┌──

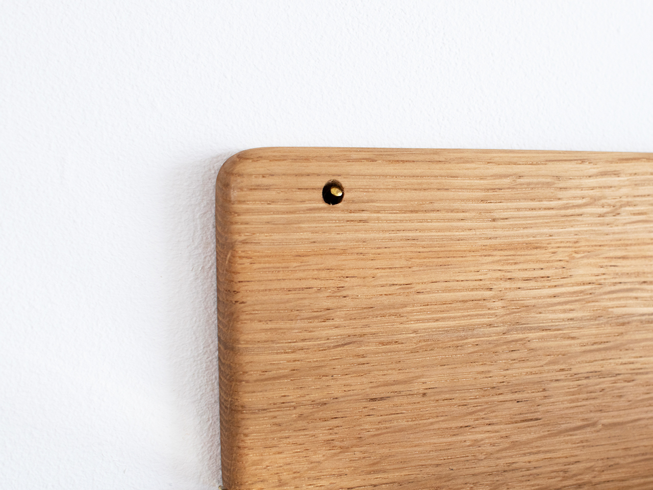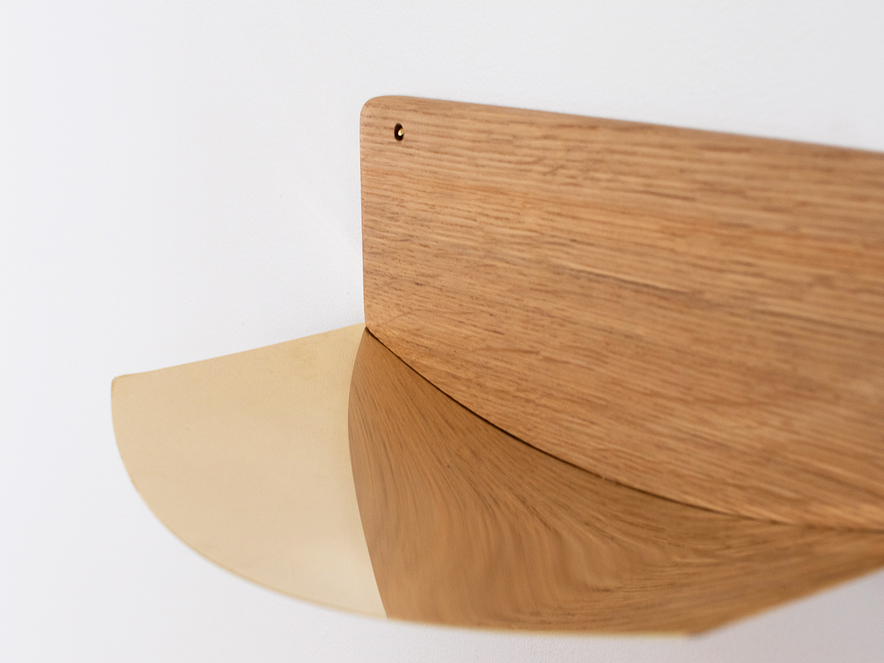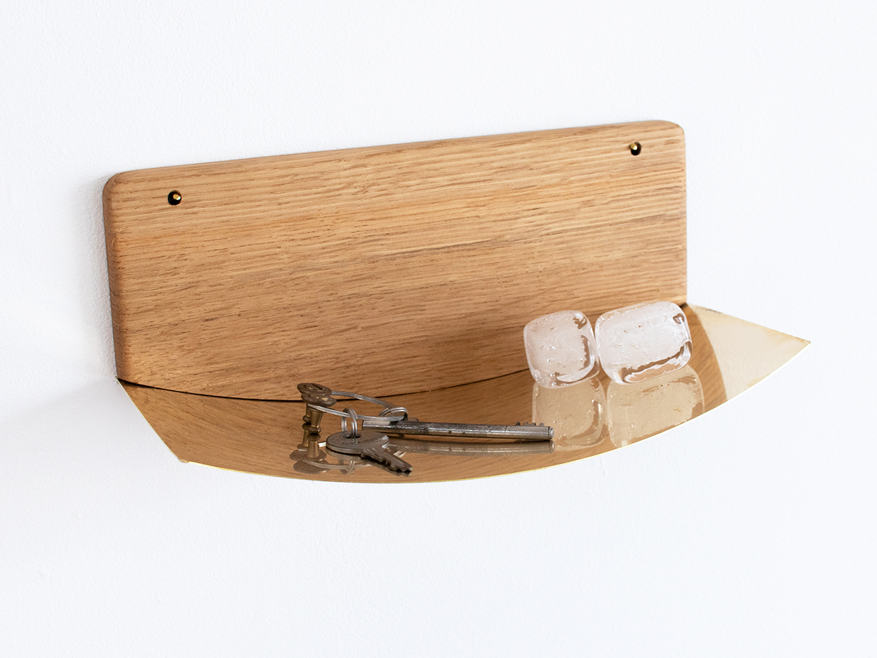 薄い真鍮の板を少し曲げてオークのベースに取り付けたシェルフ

└──
┌──

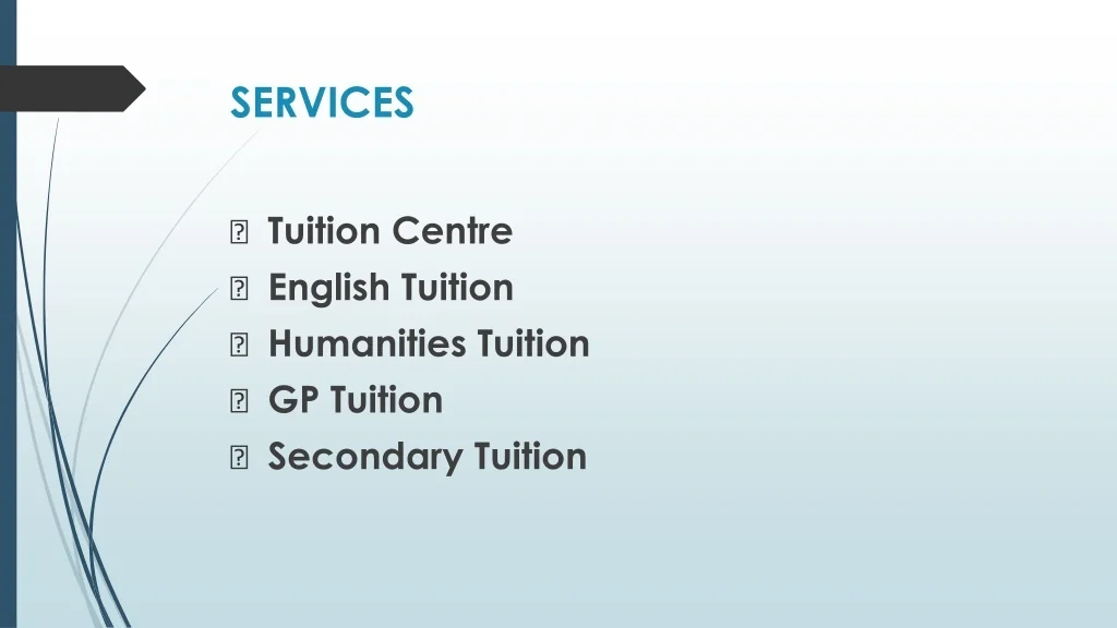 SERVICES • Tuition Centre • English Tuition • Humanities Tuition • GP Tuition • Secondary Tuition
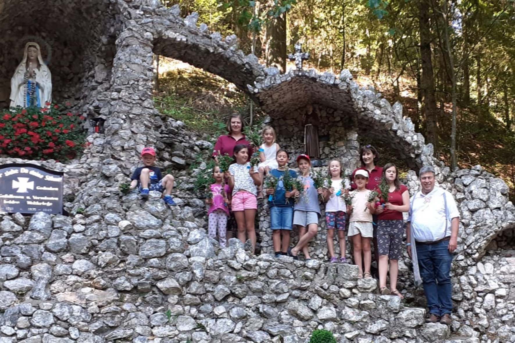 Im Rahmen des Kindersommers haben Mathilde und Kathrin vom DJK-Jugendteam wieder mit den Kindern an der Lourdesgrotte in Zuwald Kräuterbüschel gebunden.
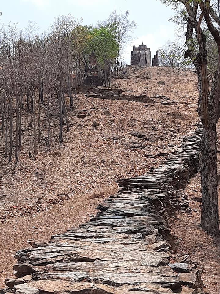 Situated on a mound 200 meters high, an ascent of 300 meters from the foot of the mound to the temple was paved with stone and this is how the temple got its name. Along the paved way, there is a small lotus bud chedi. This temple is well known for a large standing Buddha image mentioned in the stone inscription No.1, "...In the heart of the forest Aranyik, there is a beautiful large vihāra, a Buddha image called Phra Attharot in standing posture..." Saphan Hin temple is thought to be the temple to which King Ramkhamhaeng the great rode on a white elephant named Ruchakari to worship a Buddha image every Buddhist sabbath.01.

└──

- **WHAT TO DO**: Return the stretch of data that begins with the line showing "Im Rahmen des" and goes on through the line showing "Situated on a", exactly, with pictures removed.

- **EXERCISE OUTPUT**:
 Im Rahmen des Kindersommers haben Mathilde und Kathrin vom DJK-Jugendteam wieder mit den Kindern an der Lourdesgrotte in Zuwald Kräuterbüschel gebunden.
 Situated on a mound 200 meters high, an ascent of 300 meters from the foot of the mound to the temple was paved with stone and this is how the temple got its name. Along the paved way, there is a small lotus bud chedi. This temple is well known for a large standing Buddha image mentioned in the stone inscription No.1, "...In the heart of the forest Aranyik, there is a beautiful large vihāra, a Buddha image called Phra Attharot in standing posture..." Saphan Hin temple is thought to be the temple to which King Ramkhamhaeng the great rode on a white elephant named Ruchakari to worship a Buddha image every Buddhist sabbath.01.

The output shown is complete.